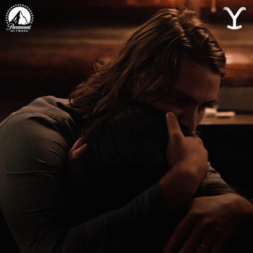Kayce Dutton, played by Luke Grimes, offers comfort with a heartfelt hug in a scene from Yellowstone.
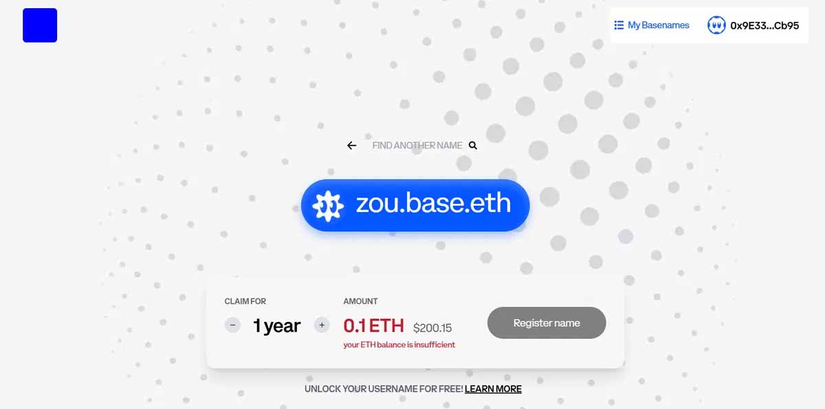 Base Names 是Base 官方推出的去中心化身分与网域服务。它允许用户注册以.base.eth 为结尾的专属名称,将冗长且容易输入错误的0x… 钱包地址,转化为简单、人类易读的个人专属网址。
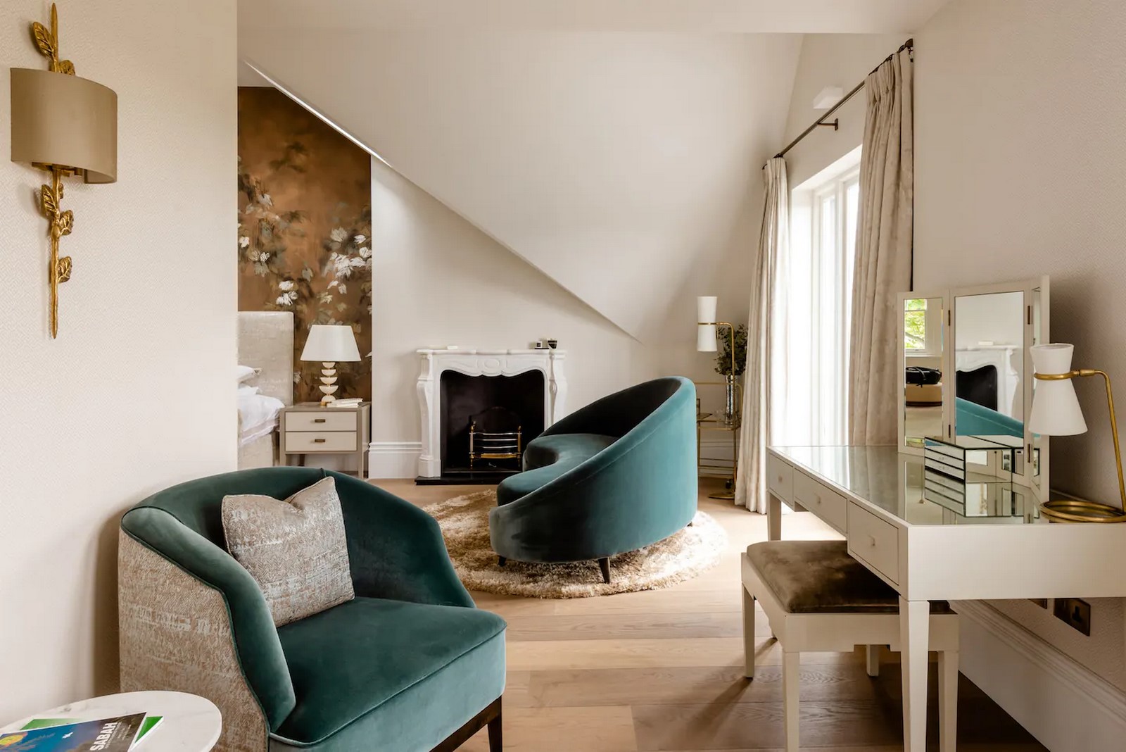 Bedroom 1: UK-King size bed, Ensuite bathroom with stand-alone rain shower & bathtub, Dual vanity, Fireplace, Television, Desk
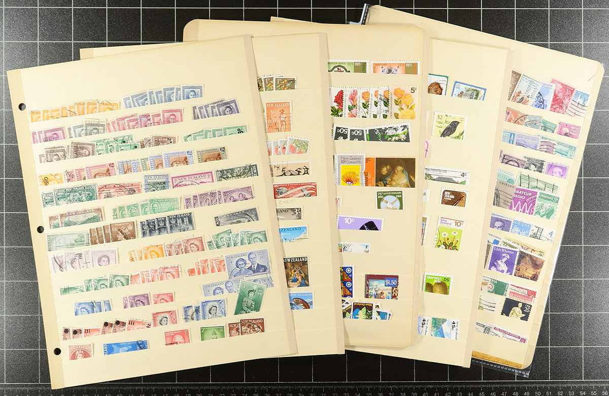 An estate balance, filling a bankers box. A mix of single and multi-country offerings, perfect for the philatelic hunter. There are a couple of older world-wide collections ("Modern" and "Strand" albums), a page of mint Australia, a few damaged used Scandinavia (with a faulty Greenland polar bear "#Q4a, cat $550.00!). A mostly modern study of post office cancels from Rhodesia/Zimbabwe has some potential, as does a few loose pages of India and New Zealand. There is a stockbook with Vatican City, some turn of the millennium CTO souvenir sheets and mini-sheets from Mozambique and a bit of China, Europe and Africa on loose pages. Estimate =
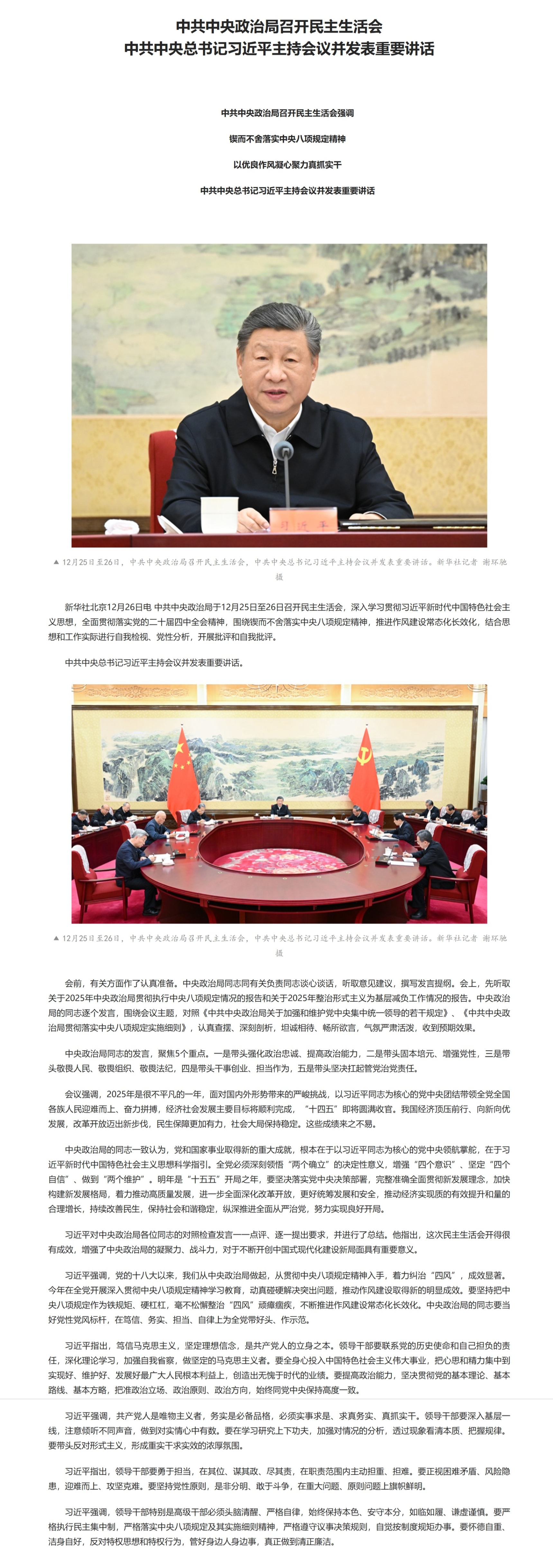 中共中央政治局召开民主生活会中共中央总书记习近平主持会议并发表重要讲话
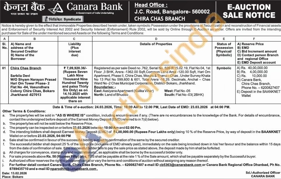 Registered as per sale Deed no.762, Serial No. 826 dt 15.02.19, Flat No 04, 1st Floor, 3 BHK, Arera -1362.00 Sqft, Common Land Area-120.00 Sqft, Hari Om Apartment, Phase II, Chira Chas, Mouza & Thana-Chas, Under Survey Khata No 13 Plot No 599,600 & 601, Total Arera -16.25. Decimals, Anchal Chas Ward No-2 Chas Municipal Corporation, District-Bokaro, Jharkhand.
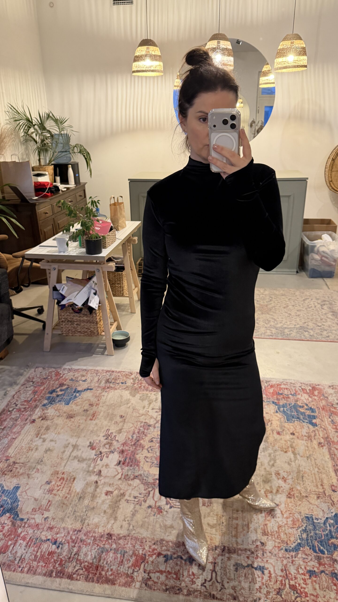 Gia on väga elegantne ja pidulik, taljet rõhutava lõikega kleit, millel veidi kõrgem kaelus ja taga avar lõhik. Kleidile lisavad iseloomu eriti pikad ja elegentsed pöidla avaga varrukad.  Gia kleit on tehtud kvaliteetsest hästi langevast sametkangast, kangas ei vaja triikimist.
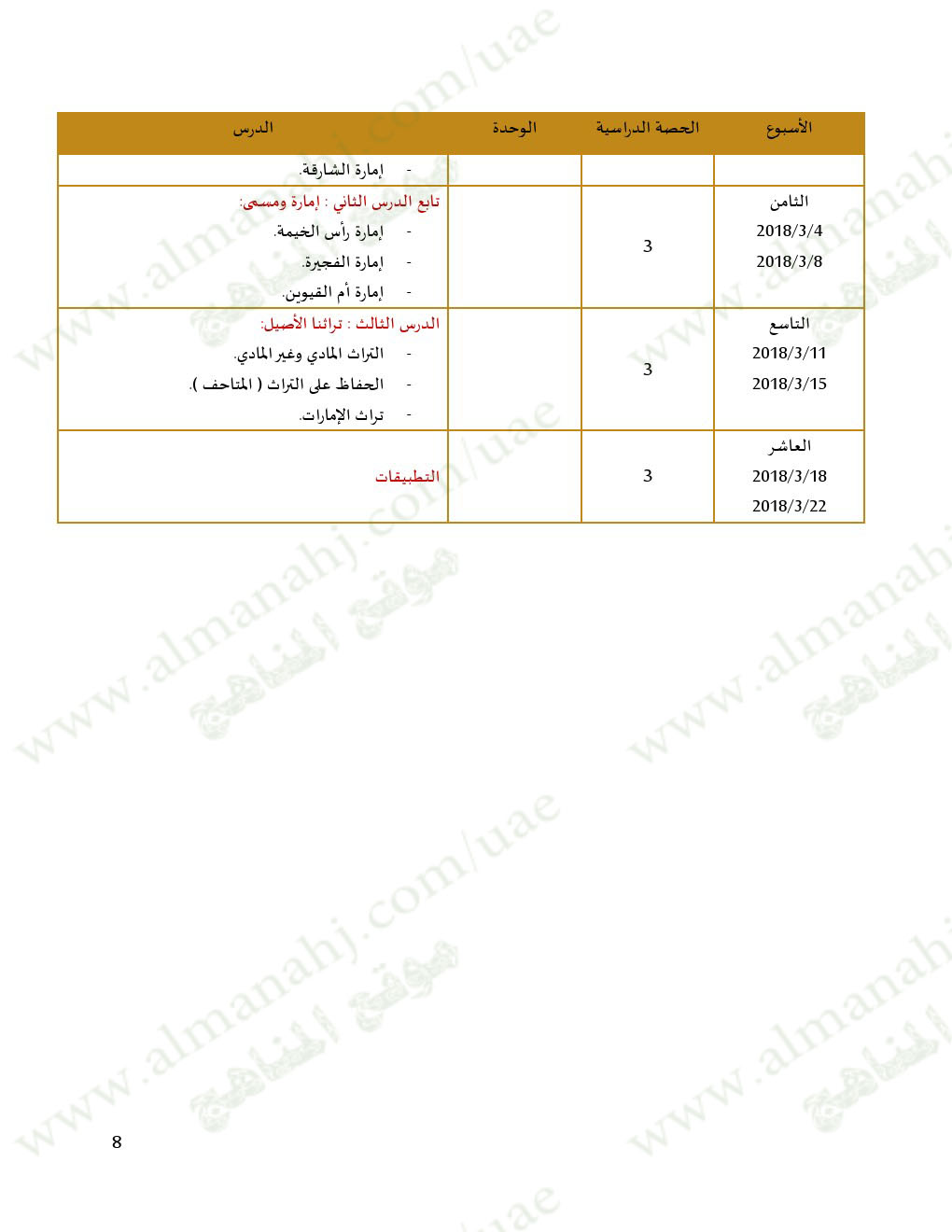 | الملاحظات المثبتة في المناهج الإماراتية | |
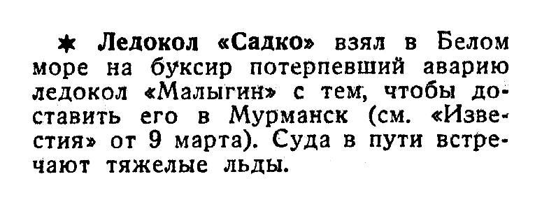 1) В связи с неисправностью руля у "Малыгина" в начале первого рейса Рудаков пересел на "Садко", а Эверт во втором рейсе участвовал на "Седове" с Отпущенниковым.— 390 —
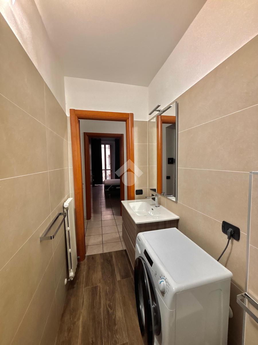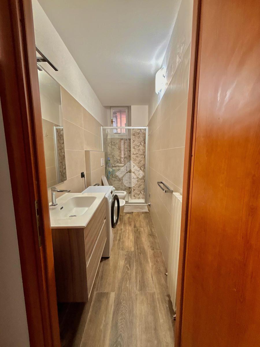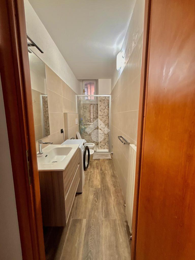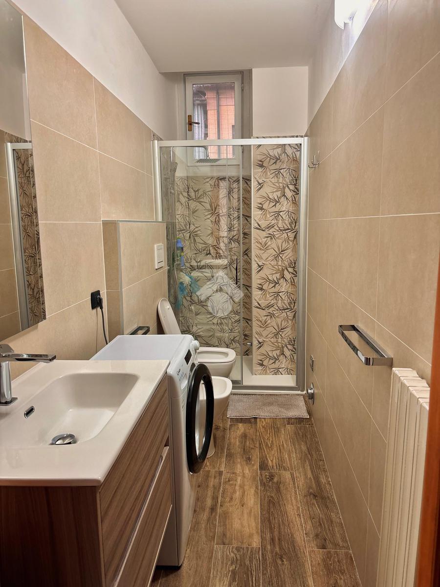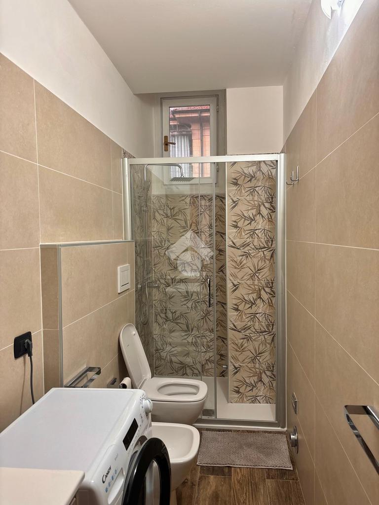 Il bagno, anch’esso rinnovato, è dotato di box doccia e finiture moderne. Gli infissi doppi in PVC assicurano un ottimo isolamento acustico e termico.
^^^^
### Assignment
Only an exact copy is wanted: the lines from the opening of the material through the line that has "Bedroom 1: UK-King", minus any pictures.

### Output
Kayce Dutton, played by Luke Grimes, offers comfort with a heartfelt hug in a scene from Yellowstone.
 Base Names 是Base 官方推出的去中心化身分与网域服务。它允许用户注册以.base.eth 为结尾的专属名称,将冗长且容易输入错误的0x… 钱包地址,转化为简单、人类易读的个人专属网址。
 Bedroom 1: UK-King size bed, Ensuite bathroom with stand-alone rain shower & bathtub, Dual vanity, Fireplace, Television, Desk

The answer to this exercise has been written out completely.